## WORK ITEM
Copying rule for the data below: pictures stay out, and only the lines from the one with "apiVersion: v1 kind: ReplicationController" down to the one with "aromi, pintakäsittelyaine (E901).", inclusive, are repeated exactly.

## RECORD EXCERPTS

[Start of Attachment]

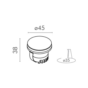 - Faretto led incasso cartongesso con struttura rotonda Ø 45 mm e altezza 38 mm
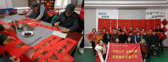 在小區(qū)活動(dòng)中心的會(huì)議桌前,老年大學(xué)學(xué)員濕潤(rùn)毛筆,研磨墨汁,一切準(zhǔn)備就緒便揮毫潑墨,將對(duì)社區(qū)居民的祝福全部融入一筆一劃中,紅彤彤的春聯(lián)讓年味瞬間多了起來。老人告訴志愿者:“年輕的時(shí)候我就有寫書法的愛好,如今退了休,能夠繼續(xù)這項(xiàng)愛好,還有機(jī)會(huì)把自己的作品與他人分享,感到很幸運(yùn)。”
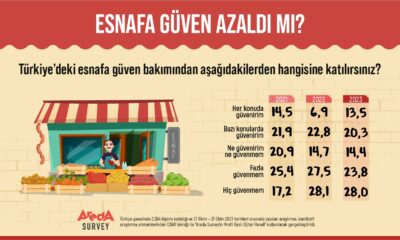 Araştırma şirketi Areda Survey, Türkiye genelinde 2 bin 384 kişinin katılımıyla esnaflık müessesesinin güven bakımından halktaki yansımasını araştırdı. Araştırmaya göre Türk halkının yüzde 51,8’inin esnafa güvenmediği...
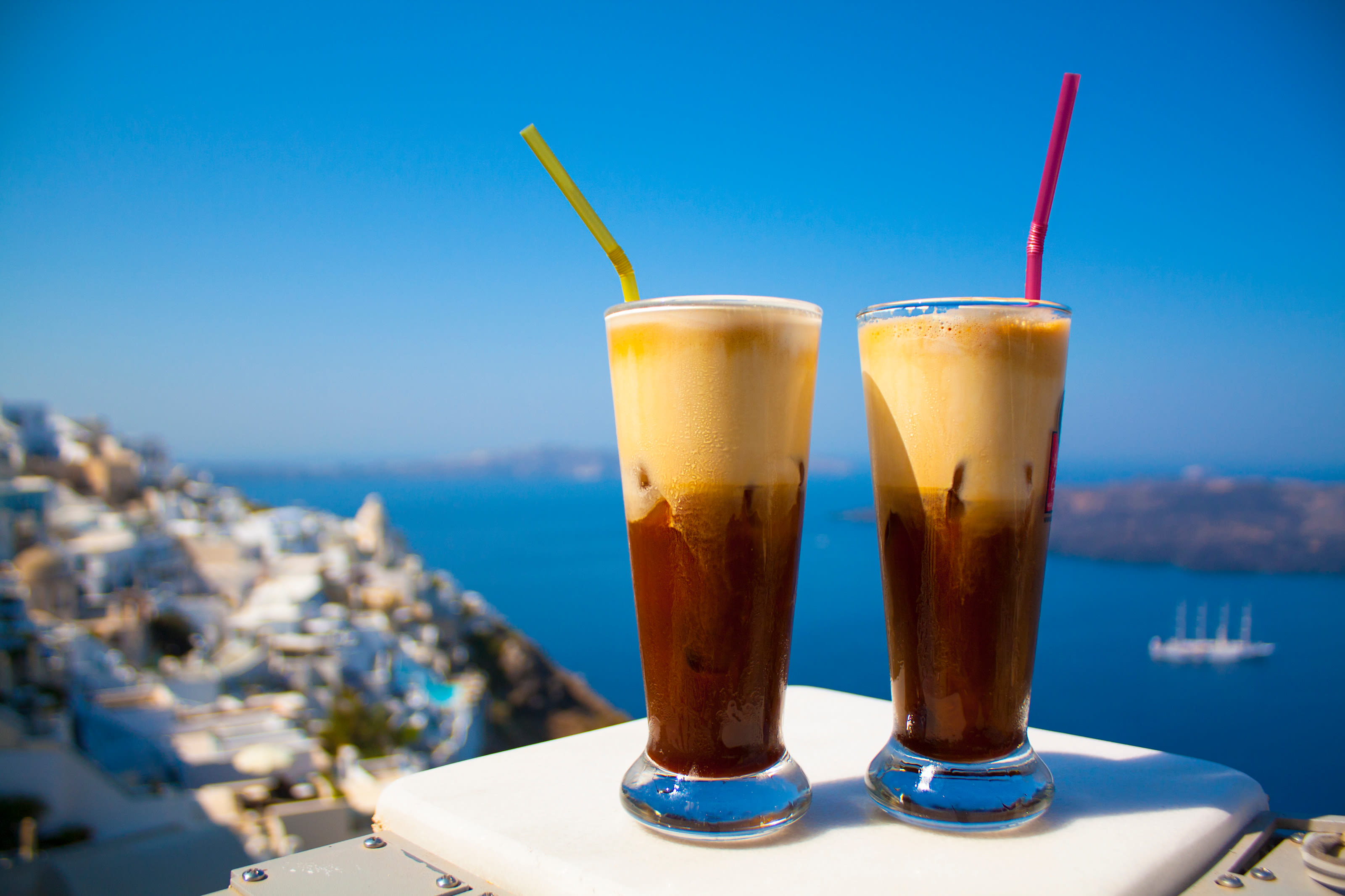 Frappe is a chilled drink made with foamed milk and instant coffee that is especially sought-after during hot days. It was created in 1957 (accidentally) by Dimitris Vakondios when he blended coffee with cold water (when he couldn’t find any hot water) and ice cubes in a shaker. Its popularity boomed in the 60s and 70s, becoming the top coffee choice in the 80s in Athens, and is available in nearly every Greek cafe-- and even in Cyrprus -- today.
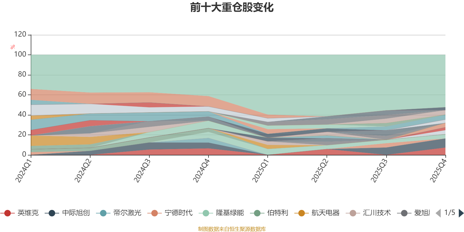 截至2025年四季度末,基金十大重仓股分别是中际旭创、英维克、阳光电源、芯原股份、振华股份、隆基绿能、应流股份、信维通信、华正新材、生益科技。
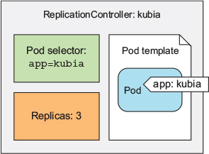 apiVersion: v1 kind: ReplicationController metadata: name: kubia spec: replicas: 3 selector: app: kubia template: metadata: labels: app: kubia spec: containers: - name: kubia image: luksa/kubia ports: - containerPort: 8080
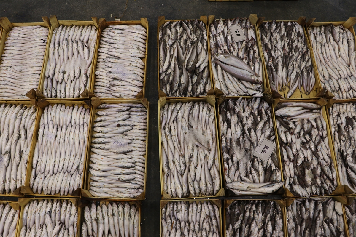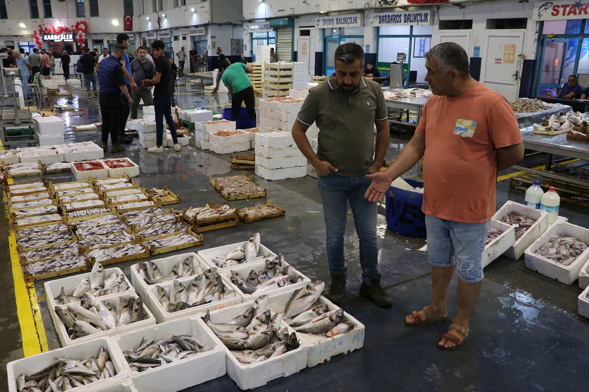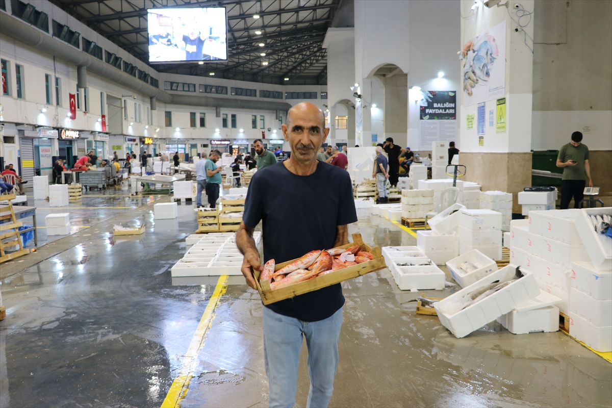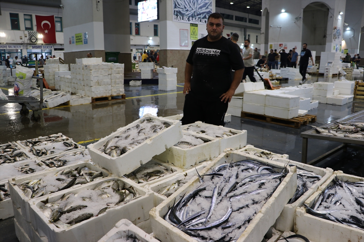 Balıkçılar, av sezonunun ilk gününde yakaladıkları balıkları satmak için İzmir'in Buca ilçesindeki İzmir Su Ürünleri Hali'ne getirdi.
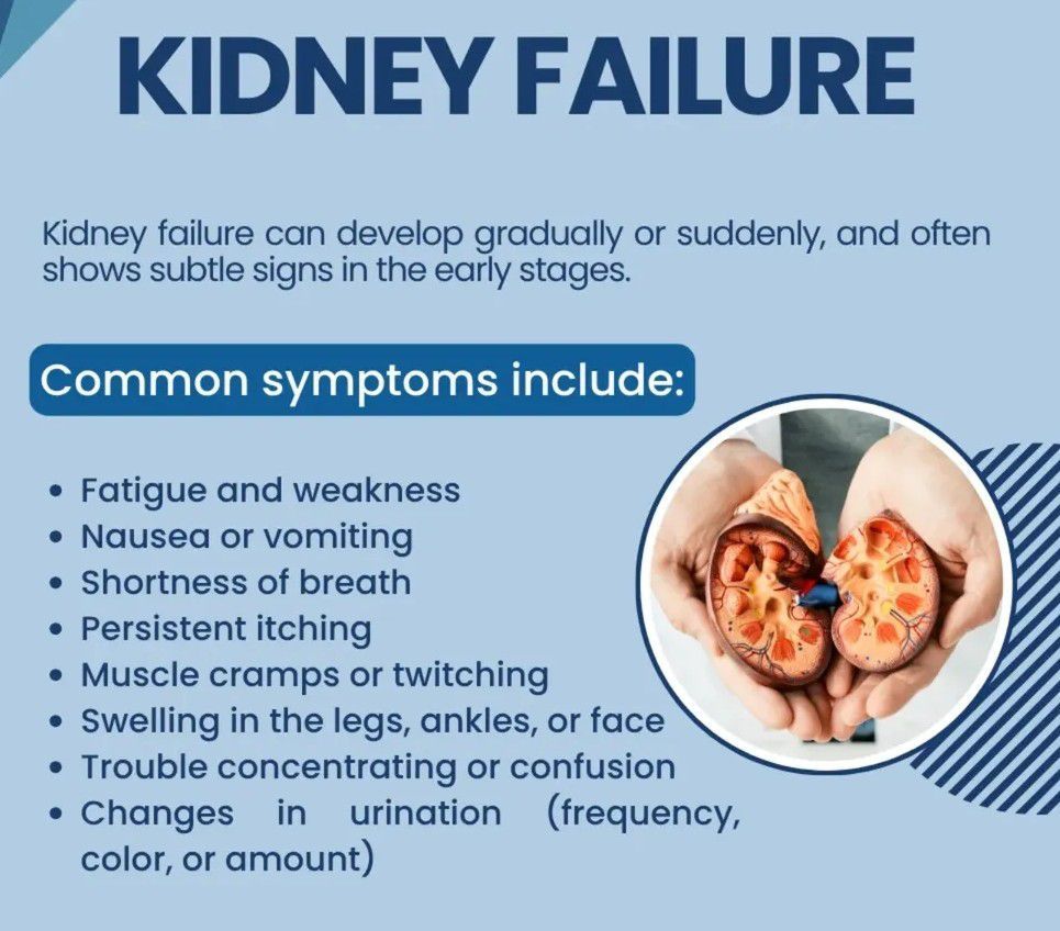 Kidney failure, also known as renal failure or end-stage renal disease, is a medical condition in which the kidneys can no longer adequately filter waste products from the blood, functioning at less than 15% of normal levels.
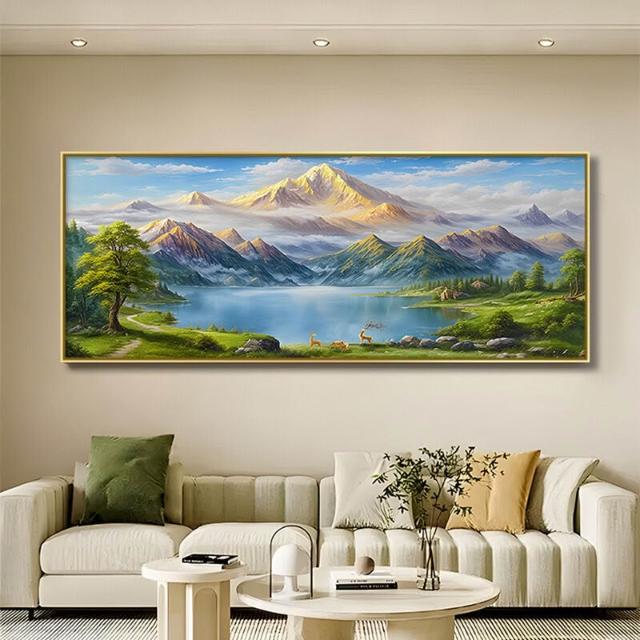 未晚家居館 橫版背靠金山聚財山水辦公室聚寶盆壁畫沙發背景墻裝飾畫風景掛畫
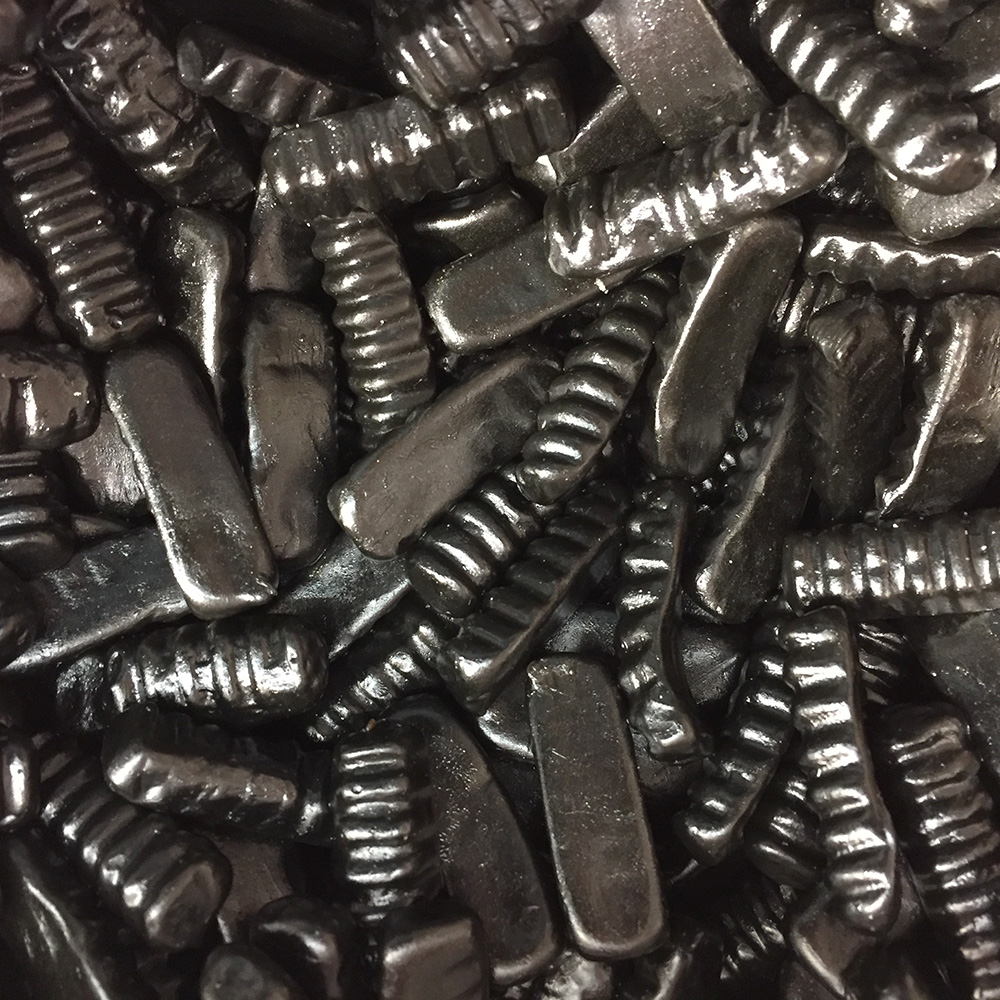 Glukoosi-fruktoosisiirappi, sokeri, liivate, vesi, lakritsiuute, salmiakki (ammoniumkloridi), väri (E153), aromi, pintakäsittelyaine (E901).
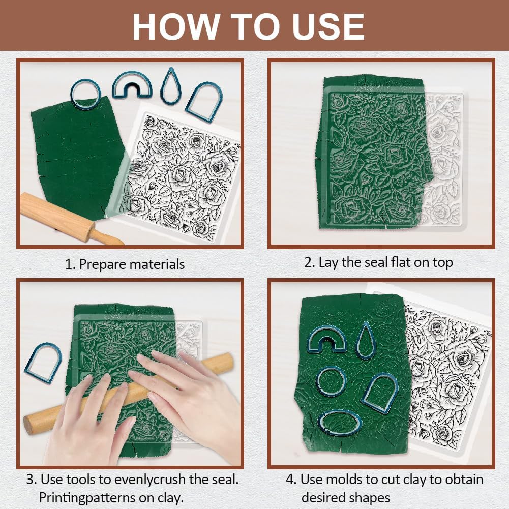 - Personalized Jewellery Making: Use these high quality silicone clear rose silicone stamp pieces to add unique patterns and textures to your polymer clay jewelry and clay earrings. The details of this clay texture mat are quite pretty and make a nice accent on clay slab.
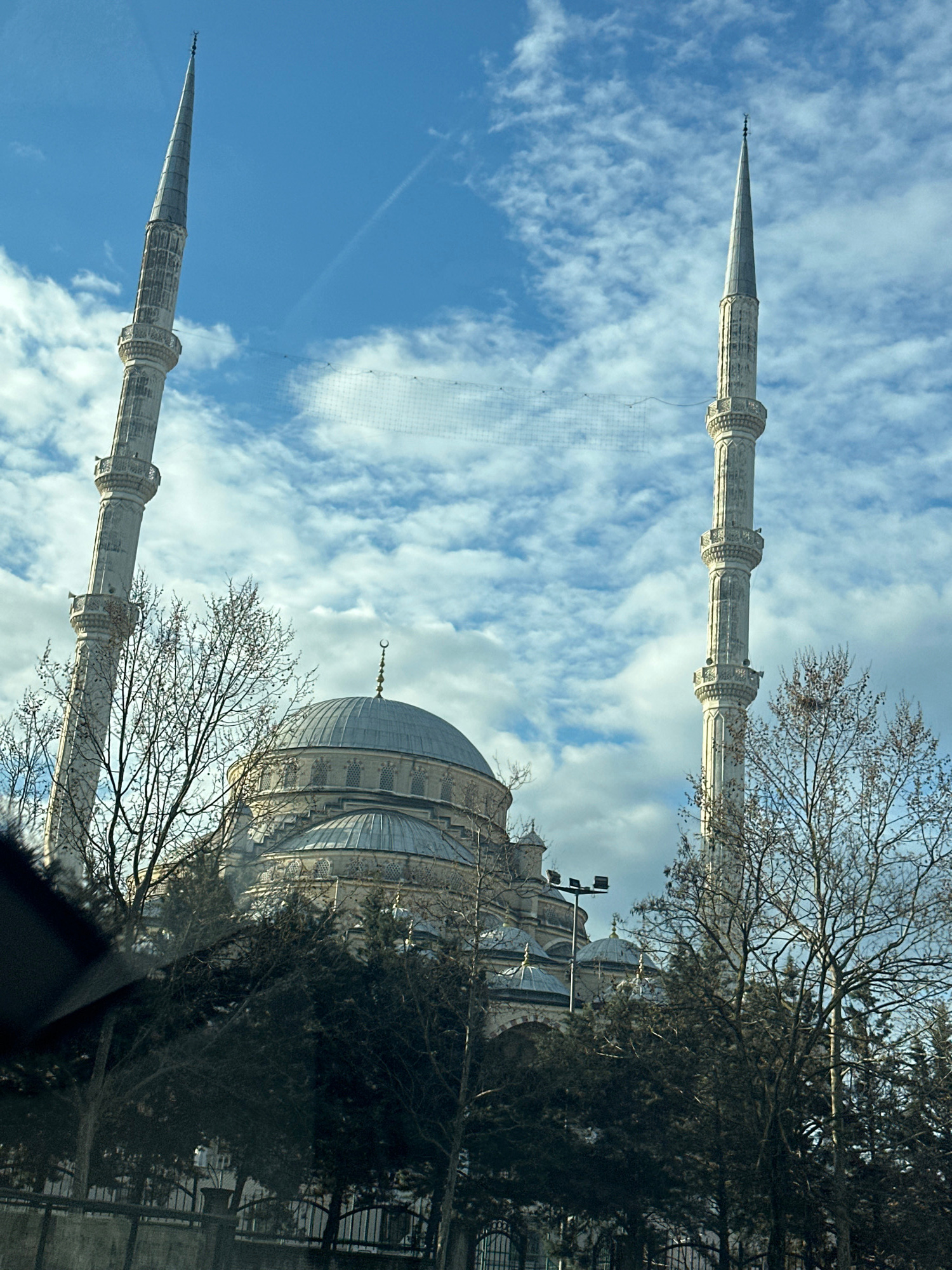 The image captures a low-angle view of a mosque in Ataşehir, Turkey, likely taken from a vehicle. The mosque features a large central dome and two tall, slender minarets that reach towards a sky fille…read more
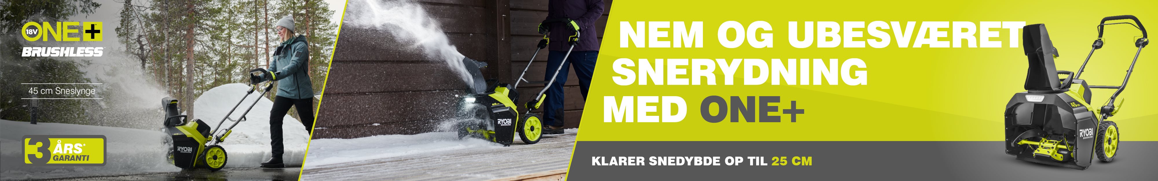 18V ONE+™ kulfri sneslynge er din nye bedste ven i vintervejret. Den klarer nemt snerydning på fortove, indkørsler og stier. Sneslyngen er designet til at arbejde sig gennem sne op til 25 cm dyb og slynge den op til 8 m væk.
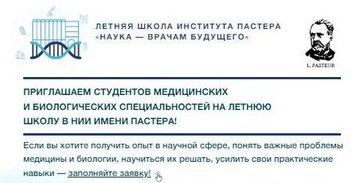 В период с 8 по 15 июля 2024 г. в Санкт-Петербургском НИИ эпидемиологии и микробиологии имени Пастера (ул. Мира, д. 14) пройдет Летняя школа «Наука - врачам будущего», организованная для студентов медицинских и биологических специальностей (предпочтение студентам 4-6 курсов).
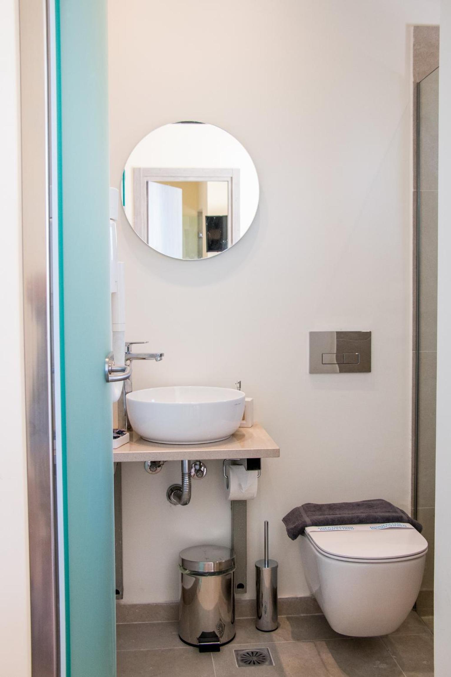 Die älteren Holztüren zum Zimmer und Bad sollten bald ausgetauscht oder gedämmt werden, da sie recht laut schließen. Das eine oder andere Bad könnte eine Renovierung vertragen.
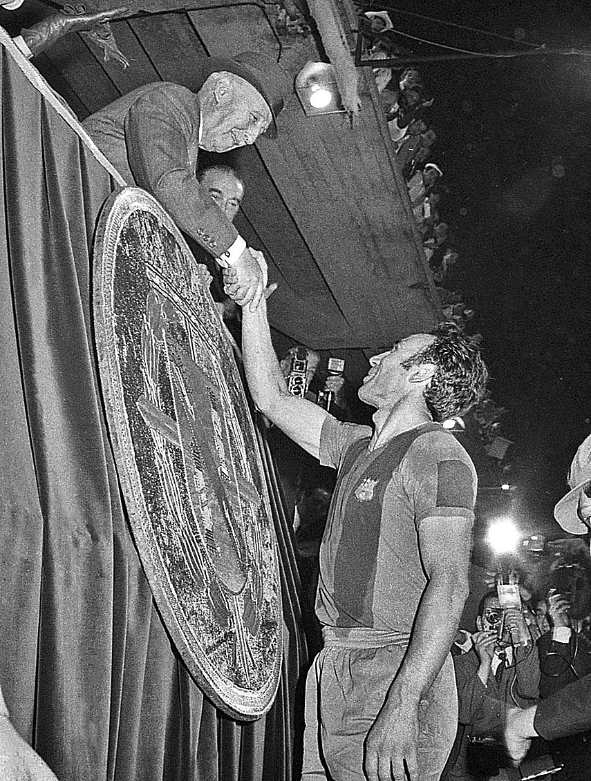 Precisamente una final de Copa del Generalsimo, la de 1951, sirvi al Bara para condecorar a Franco con la insignia de oro y brillantes en el mismo palco del Bernabu. Le dio la suya el presidente Agustn Montal Galobart porque en la celebracin de las bodas de oro, el Bara mostr una ligera tendencia de corte catalanista, aunque fue simplemente folklrica, y eso se tena que hacer perdonar, lo justifica Frederic Porta.
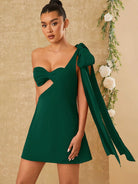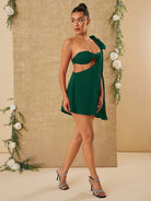 women L'Amorae Green Asymmetric Flared Mini Dress Inner Ruched Top Two Pieces Christmas Set
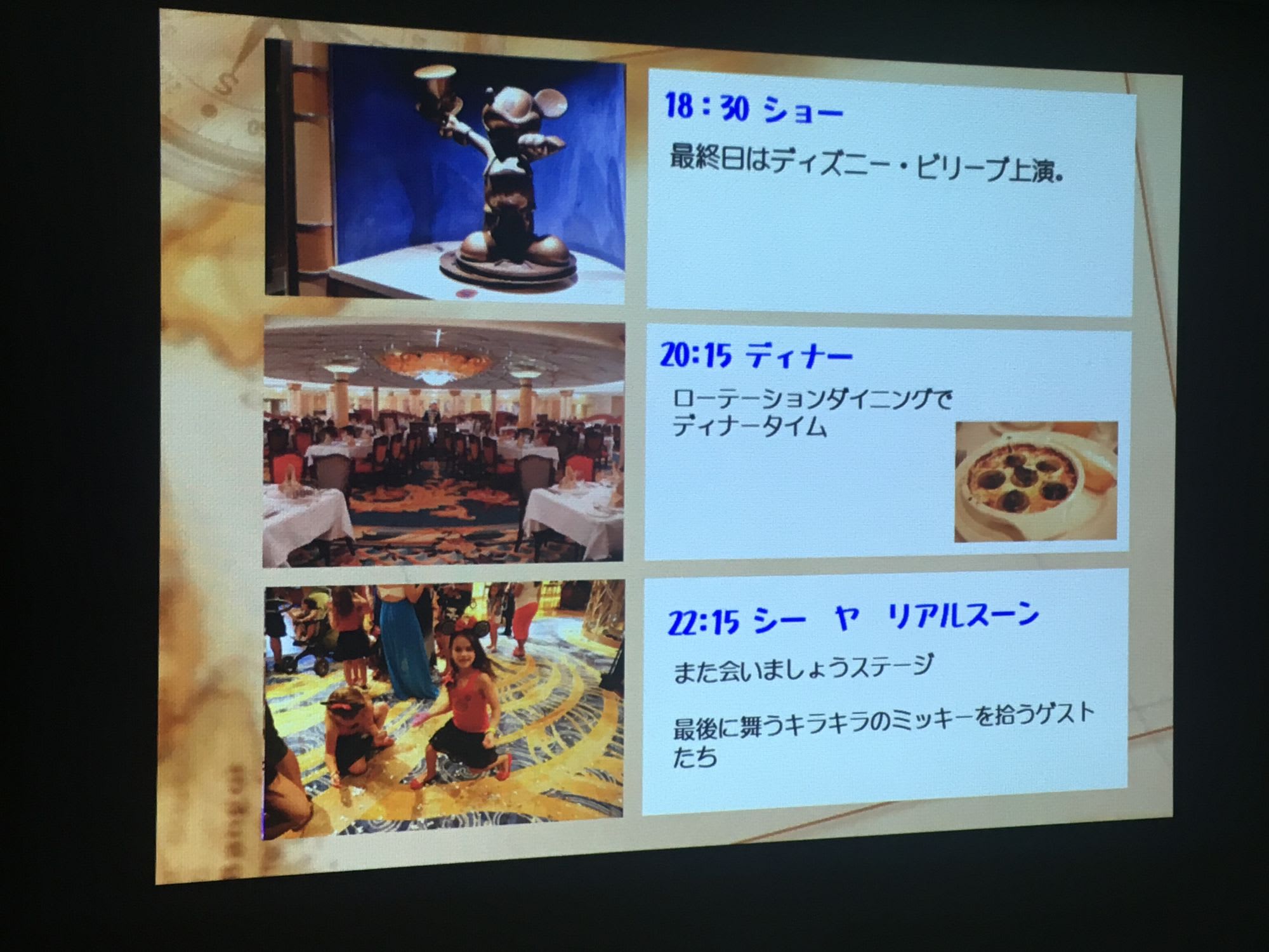 この最後のときにスクリーンがおりてきまして、(クルーズ中の)お客様が楽しんでいる様子をキャストが撮影した思い出のシーンが流れまして、最後にミッキーが壇上に上がりまして、「また会いましょう」って言ってくれるんですね。

[End of Attachment]

## EXERCISE RESPONSE
 apiVersion: v1 kind: ReplicationController metadata: name: kubia spec: replicas: 3 selector: app: kubia template: metadata: labels: app: kubia spec: containers: - name: kubia image: luksa/kubia ports: - containerPort: 8080
 Balıkçılar, av sezonunun ilk gününde yakaladıkları balıkları satmak için İzmir'in Buca ilçesindeki İzmir Su Ürünleri Hali'ne getirdi.
 Kidney failure, also known as renal failure or end-stage renal disease, is a medical condition in which the kidneys can no longer adequately filter waste products from the blood, functioning at less than 15% of normal levels.
 未晚家居館 橫版背靠金山聚財山水辦公室聚寶盆壁畫沙發背景墻裝飾畫風景掛畫
 Glukoosi-fruktoosisiirappi, sokeri, liivate, vesi, lakritsiuute, salmiakki (ammoniumkloridi), väri (E153), aromi, pintakäsittelyaine (E901).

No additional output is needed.